*** MATERIAL SHOWN
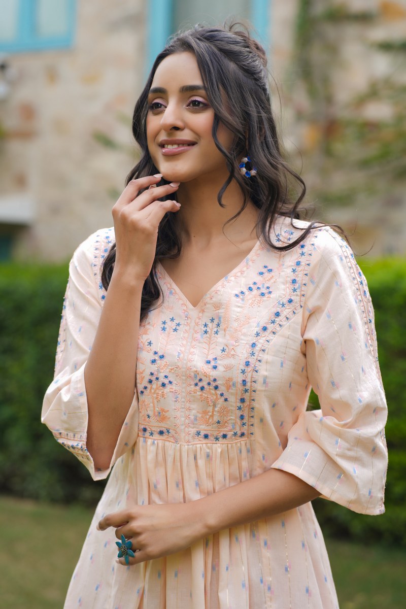 Peach Cotton Dress with Subtle Blue Thread Embroidery
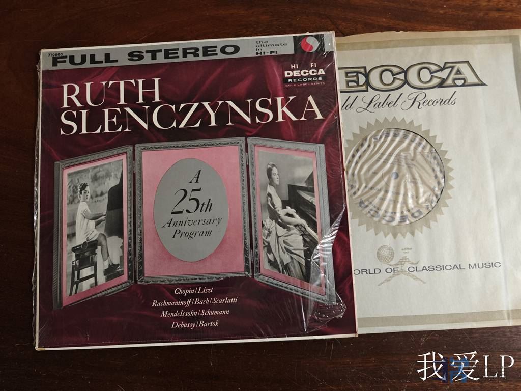 11365,罕见名盘《25周年纪念音乐会》,为纪念露丝.史兰倩丝卡(Ruth Slenczynska,美国著名钢琴家,出生于1925年,是俄罗斯作曲家拉赫玛尼诺夫唯一健在的学生,有“美国第一钢琴夫人”美誉!)年仅8岁时、于1933年11月13日在纽约市政厅引起各界轰动的表演,25年后在同一个音乐厅的录音。美国Decca头版,NM,300
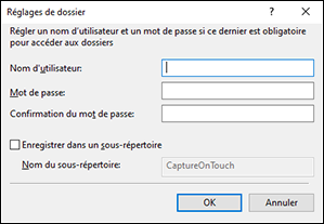 Cliquez sur le bouton [Paramètres de détail] pour afficher la boîte de dialogue [Réglages de dossier]. Vous pouvez configurer les informations de connexion (nom d’utilisateur et mot de passe) nécessaires pour accéder au dossier spécifié.
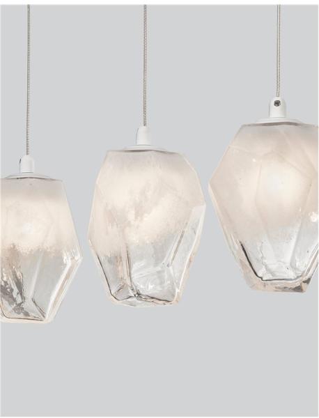 Átlátszó-fehér üvegbúrás függeszték, mely a jég formáját és színvilágát idézi. Magasság adatnál a maximális belógást adtuk meg, mely a vezeték rövidítésével csökkenthető. LED fényforrással működtethető, melyet a csomagolás nem tartalmaz. Specifikációk:Gyártó: Nova Luce Cikkszám:: NL-9260235 Foglalat: 5 x G9 Méret (ma x sz x mé): 1800 x 840 x 120 mm IP-véd
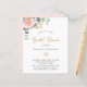 Ein schick weißer Hintergrund. Dekoriert mit einer Rose Gold und rot rosa Blumen, Rose Blume und grüne Aquarell Eukalyptus Blätter, Sprigs, Grün und ein Imitat goldbraun. Personalisieren und fügen Sie den Namen der Braut zu sein und Party Details. Schwarze und goldfarbene Buchstaben. Zurück: Rose goldene Hintergrundfarbe.
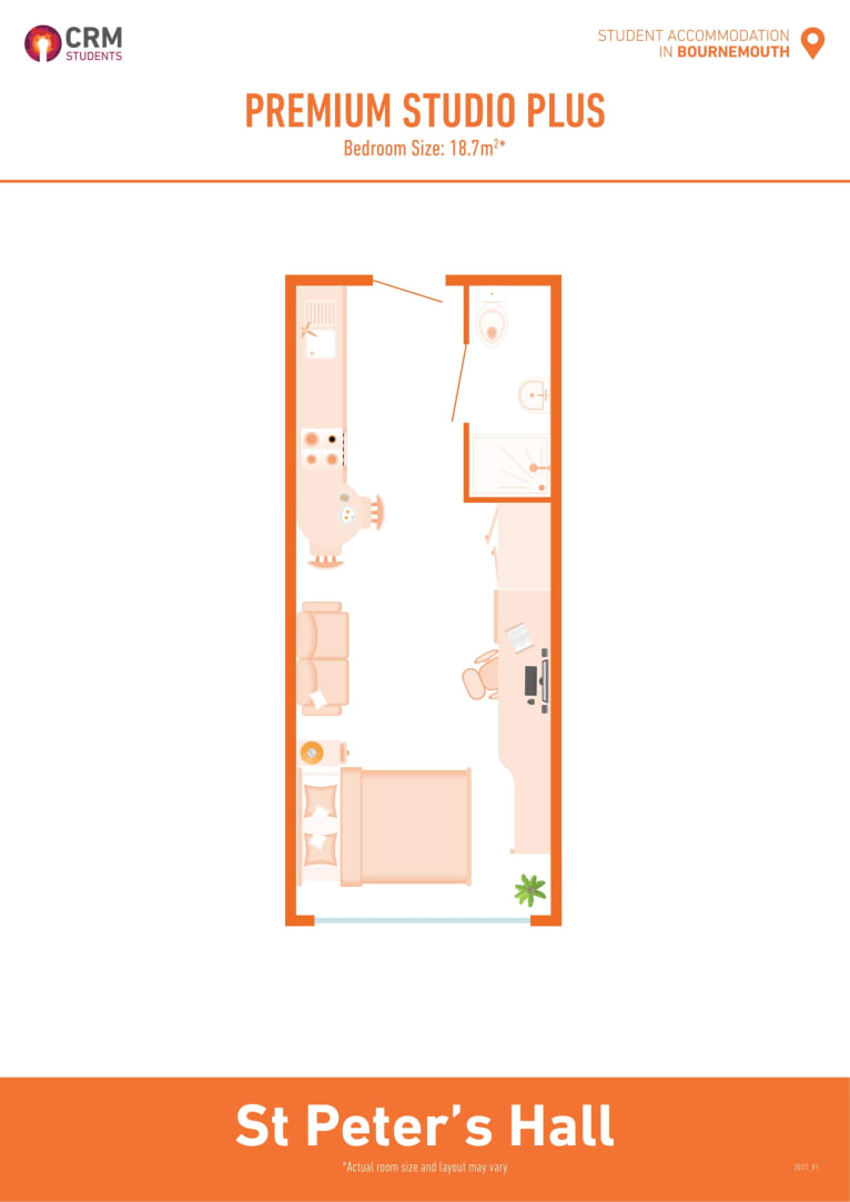 St Peter's Hall位于伯恩茅斯市中心,提供设施齐全的Studio房型,步行可达海滩与大学校区,公寓配备独立卫浴、健身房及电影室,生活便利且安全。
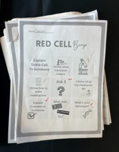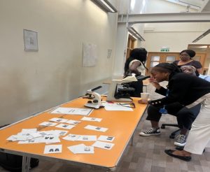 In the breaks, there were opportunities to speak to other charities and healthcare professionals. We were gratefully joined by Renaissance Foundation and Roald Dahl’s Marvellous Children’s Charity, both organisations which support young people with chronic conditions. The ‘red cell bingo’ activity compelled patients to talk to each charity and find out what they do; to ask questions about sickle cell to HCPs; and to test their learning by explaining things themselves. Young people even got the chance to look at sickled red blood cells and thalassemia under a microscope!
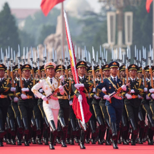 9月3日,紀念中國人民抗日戰爭暨世界反法西斯戰爭勝利80周年大會在北京隆重舉行。這是國旗護衛隊在天安門廣場上列隊。
******
REQUIREMENT: The answer should contain only the lines from the beginning of the material above through the line with "Átlátszó-fehér üvegbúrás függeszték, mely", retyped exactly, with the pictures removed.

EXERCISE RESPONSE:
 Peach Cotton Dress with Subtle Blue Thread Embroidery
 11365,罕见名盘《25周年纪念音乐会》,为纪念露丝.史兰倩丝卡(Ruth Slenczynska,美国著名钢琴家,出生于1925年,是俄罗斯作曲家拉赫玛尼诺夫唯一健在的学生,有“美国第一钢琴夫人”美誉!)年仅8岁时、于1933年11月13日在纽约市政厅引起各界轰动的表演,25年后在同一个音乐厅的录音。美国Decca头版,NM,300
 Cliquez sur le bouton [Paramètres de détail] pour afficher la boîte de dialogue [Réglages de dossier]. Vous pouvez configurer les informations de connexion (nom d’utilisateur et mot de passe) nécessaires pour accéder au dossier spécifié.
 Átlátszó-fehér üvegbúrás függeszték, mely a jég formáját és színvilágát idézi. Magasság adatnál a maximális belógást adtuk meg, mely a vezeték rövidítésével csökkenthető. LED fényforrással működtethető, melyet a csomagolás nem tartalmaz. Specifikációk:Gyártó: Nova Luce Cikkszám:: NL-9260235 Foglalat: 5 x G9 Méret (ma x sz x mé): 1800 x 840 x 120 mm IP-véd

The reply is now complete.